View slow query logs in the HoloWeb console

A feature is released to allow you to view slow query logs in the HoloWeb console. For more information, see Query and analyze slow query logs.

Configuration items

Hologres provides the following configuration items to allow you to customize the collection configuration of slow query logs:
  • log_min_duration_statement
    • Description
      This configuration item is used to specify a threshold of the amount of time consumed by queries for log collection. By default, Hologres collects the logs of slow queries that consume more than 100 ms. You can use this configuration item to specify the scope of slow query logs to be collected. If the amount of time consumed by a slow query is equal to or larger than the specified value, the log of the slow query is collected. The log contains information such as the SQL statement and the amount of time consumed. A value of -1 indicates that no slow query logs are collected.
      Note Only superusers can modify this configuration item.
    • Examples
      • Execute the following statement to collect the logs of slow queries that consume more than 10s for the current database as a superuser:
        ALTER DATABASE dbname SET log_min_duration_statement = '10s';
      • Execute the following statement to collect the logs of slow queries that consume more than 10s for the current session as a regular user:
        SET log_min_duration_statement = '10s';
  • log_min_duration_query_stats
    • Description
      This configuration item is used to specify a threshold of the amount of time consumed by queries for the collection of runtime statistics. By default, Hologres collects the runtime statistics of slow queries that consume more than 10s. You can use this configuration item to specify the scope of slow queries whose runtime statistics are to be collected. If the amount of time consumed by a slow query is equal to or larger than the specified value, the runtime statistics of the slow query are collected. The runtime statistics include the statistics of all query stages. A value of -1 indicates that no runtime statistics of slow queries are collected. Such statistics require large storage space. The more runtime statistics Hologres collects, the slower the speed of querying and analyzing slow query logs is. Therefore, we recommend that you specify a value equal to or larger than 10s in general scenarios. Specify a value smaller than 10s only when you troubleshoot specific issues.

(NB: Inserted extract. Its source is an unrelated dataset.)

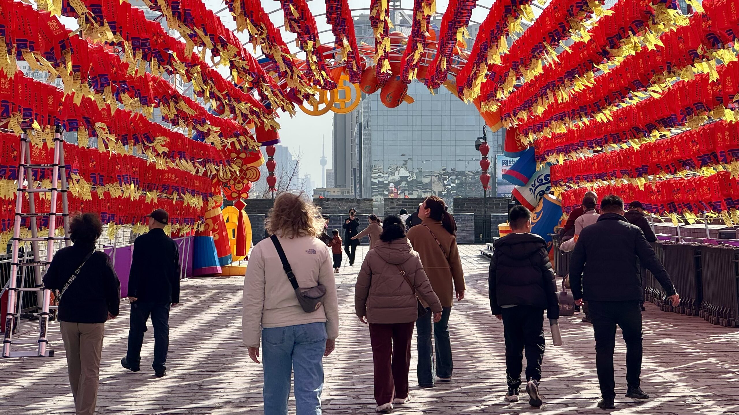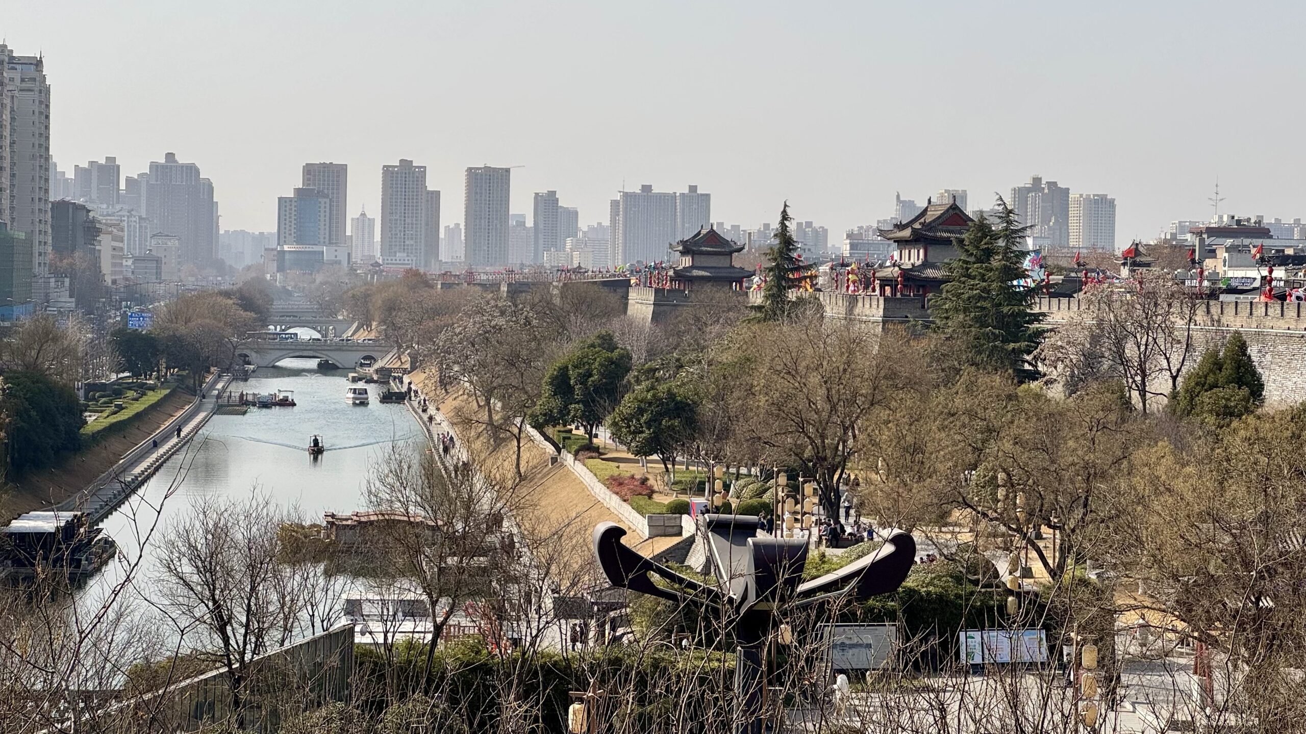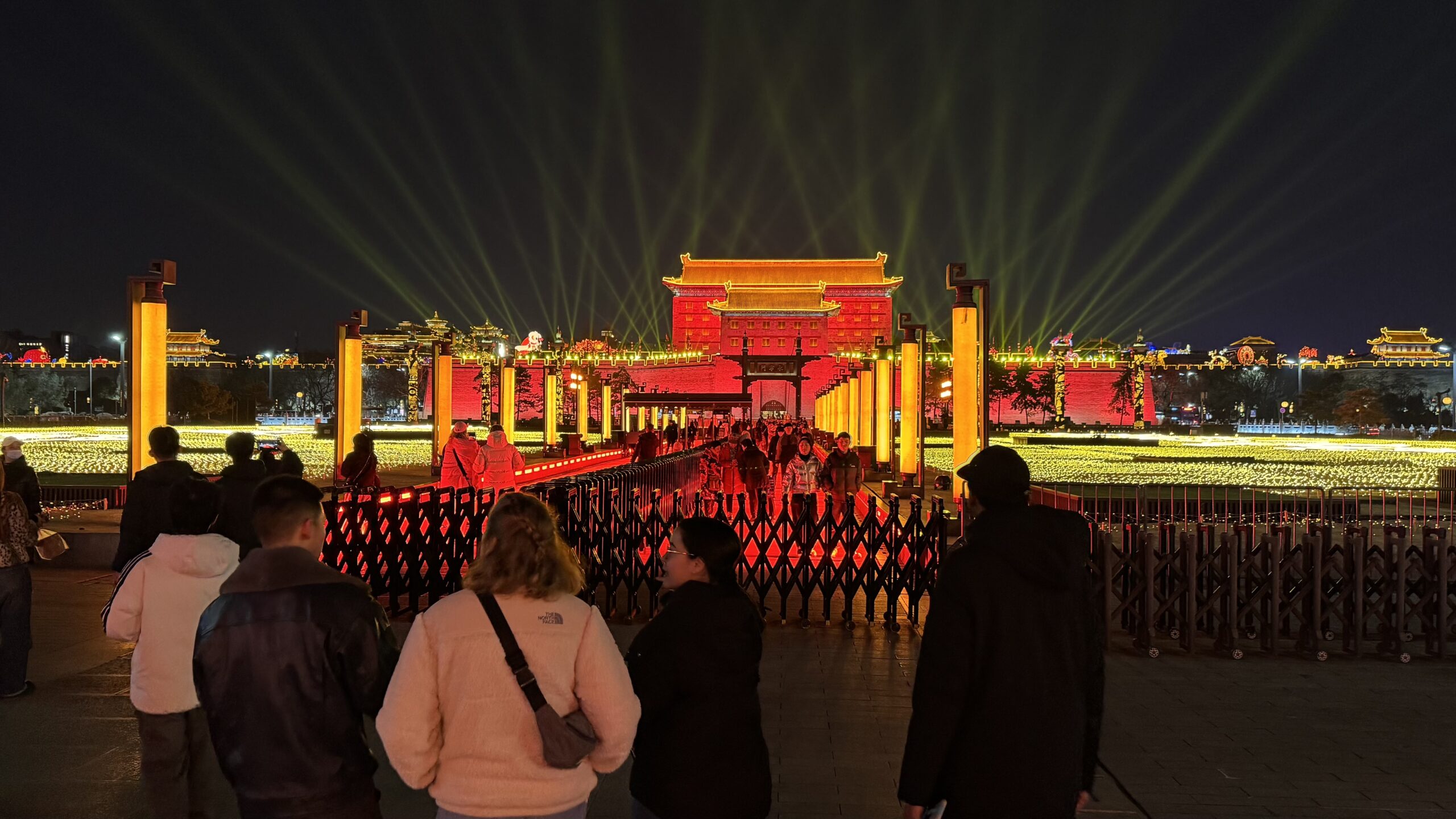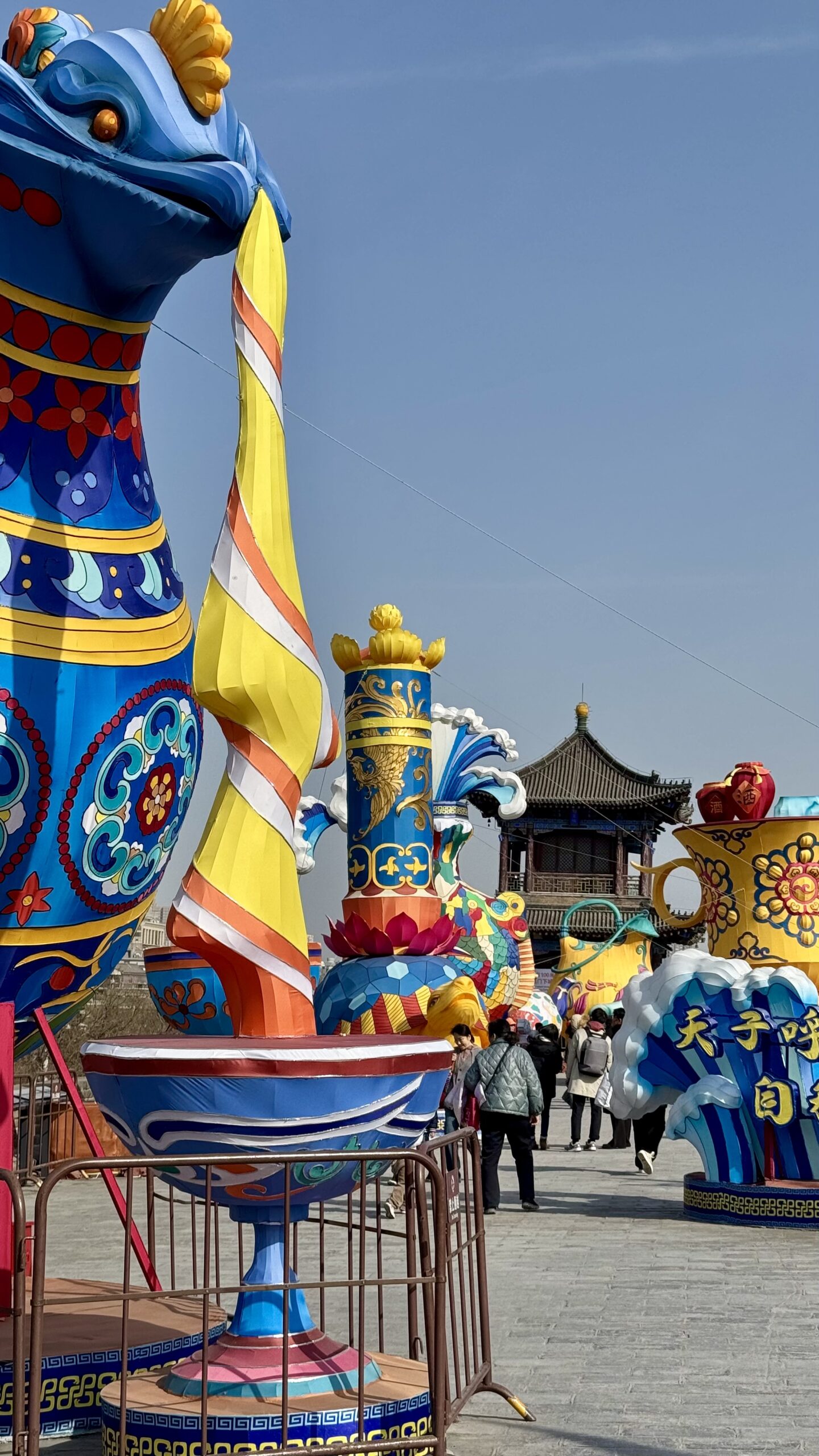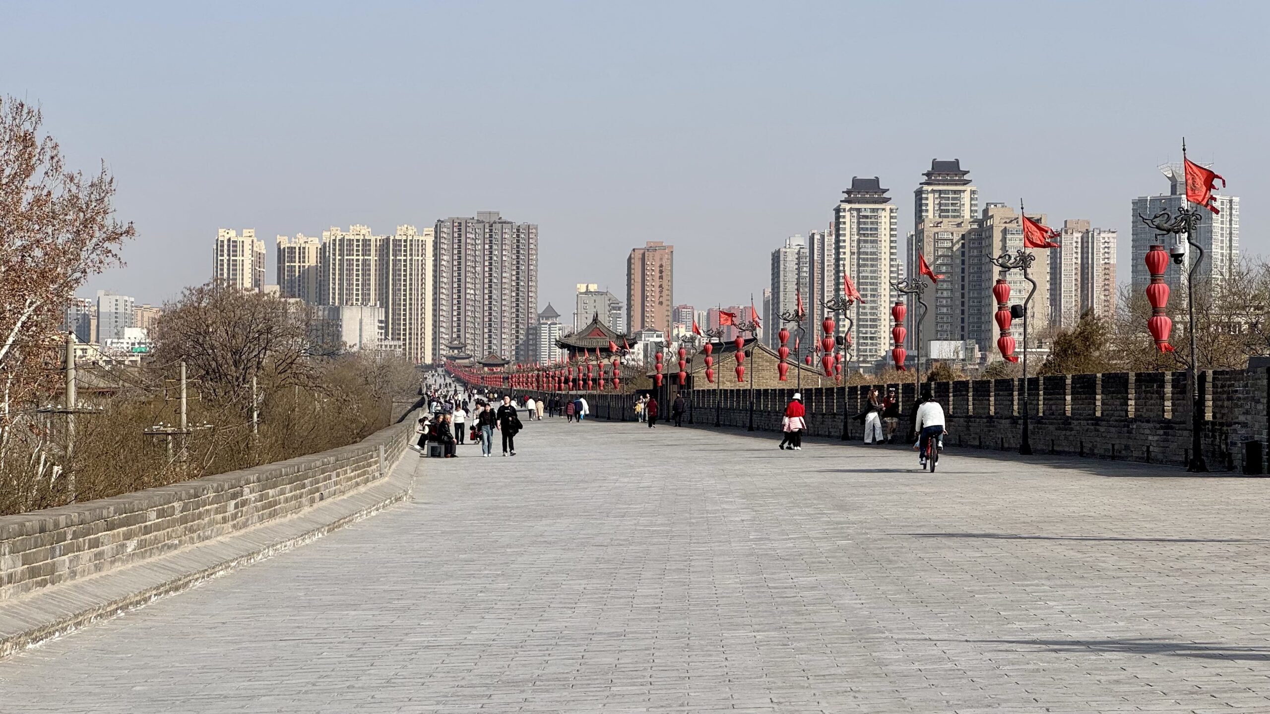 Unseren letzten Tag in Xi’an wollten wir entspannt angehen. Gegen Mittag machten wir uns zur Stadtmauer auf, zahlten überteuerten Eintritt (26 €), weil noch alle Aufbauten vom Laternenfest standen, und liefen ein gutes Stück entlang dieser endlos erscheinenden, schnurgeraden Mauer. Man kann hier oben auch Fahrräder leihen und die gesamte Mauer umrunden (ca. 13 km), aber da der Fahrradverleih fast genauso viel kostete wie unser Eintritt, entschieden wir uns für eine kürzere Strecke. Nach knapp 2 km, ein paar coolen Fotos mit den Laternen und einer Stunde Spaziergang verließen wir die Mauer wieder, um uns mit den anderen zu treffen.

      Note Regular users are allowed to modify this configuration item based on business requirements.
    • Examples
      • Execute the following statement to collect the runtime statistics of slow queries that consume more than 10s for the current database as a superuser:
        ALTER DATABASE dbname SET log_min_duration_query_stats = '10s';
      • Execute the following statement to collect the runtime statistics of slow queries that consume more than 10s for the current session as a regular user:
        SET log_min_duration_query_stats = '10s';
  • log_min_duration_query_plan
    • Description
      This configuration item is used to specify a threshold of the amount of time consumed by queries for the collection of execution plans. By default, Hologres collects the execution plans of slow queries that consume more than 10s. If the amount of time consumed by a slow query is equal to or larger than the specified value, the execution plan of the slow query is collected. By default, you can execute the EXPLAIN statement to query execution plans in real time and you do not need to collect such data. A value of -1 indicates that no execution plans of slow queries are collected.

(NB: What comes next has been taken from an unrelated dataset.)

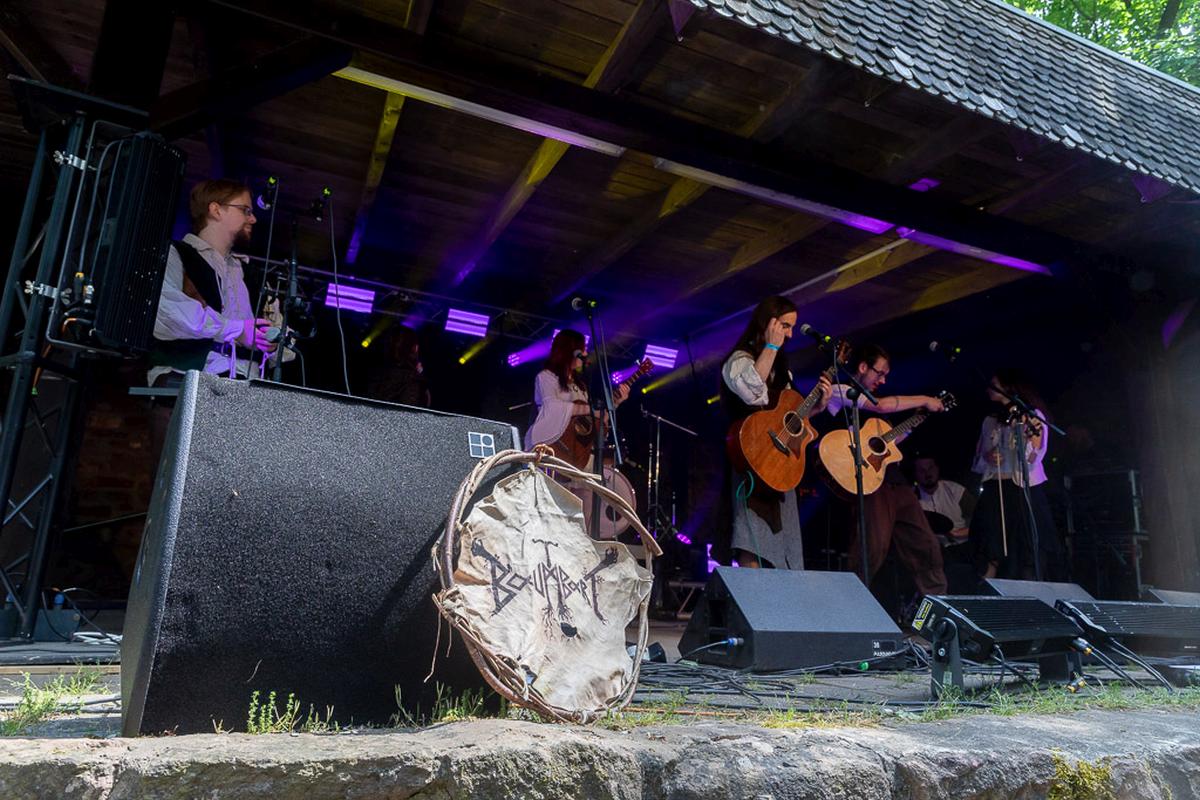 Nach der heutigen Pagan-Keule wird es jetzt wieder etwas ruhiger und geerdeter mit Äera. Die Band holt die Zuhörer mit ihrer Musik zurück auf den Boden der Tatsache und direkt in den dichten Wald, der rund um die Burg wuchert. Ähnlich wie Can Bardd bietet Äera eine Musik mit Tiefgang, nur finde ich, die Musik hat ein paar harte Black Metal-Kanten mehr im Klang. Das tut der Musik auch sehr gut und gibt ihr eine gute Abwechslung, auch innerhalb der überlangen Stücke. Ein guter Auftakt für das eher ruhigere Mittelfeld am Freitag.
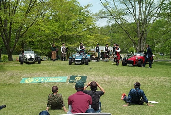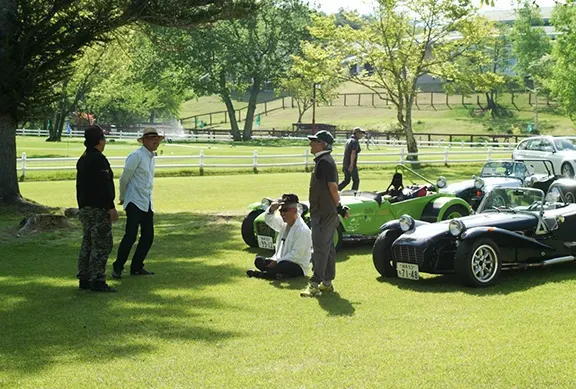 新緑の時期に高原の芝生の上で、自分のセブンに見とれる人、他のセブンを見て違いを楽しむ人、芝生の上でゆったりする人、セブン関連商品を購入する人、それぞれが思い思いの楽しい一時を過ごされました。

      Note Regular users are allowed to modify this configuration item based on business requirements.
    • Examples
      • Execute the following statement to collect the execution plans of slow queries that consume more than 10s for the current database as a superuser:
        ALTER DATABASE dbname SET log_min_duration_query_plan = '10s';
      • Execute the following statement to collect the execution plans of slow queries that consume more than 10s for the current session as a regular user:
        SET log_min_duration_query_plan = '10s';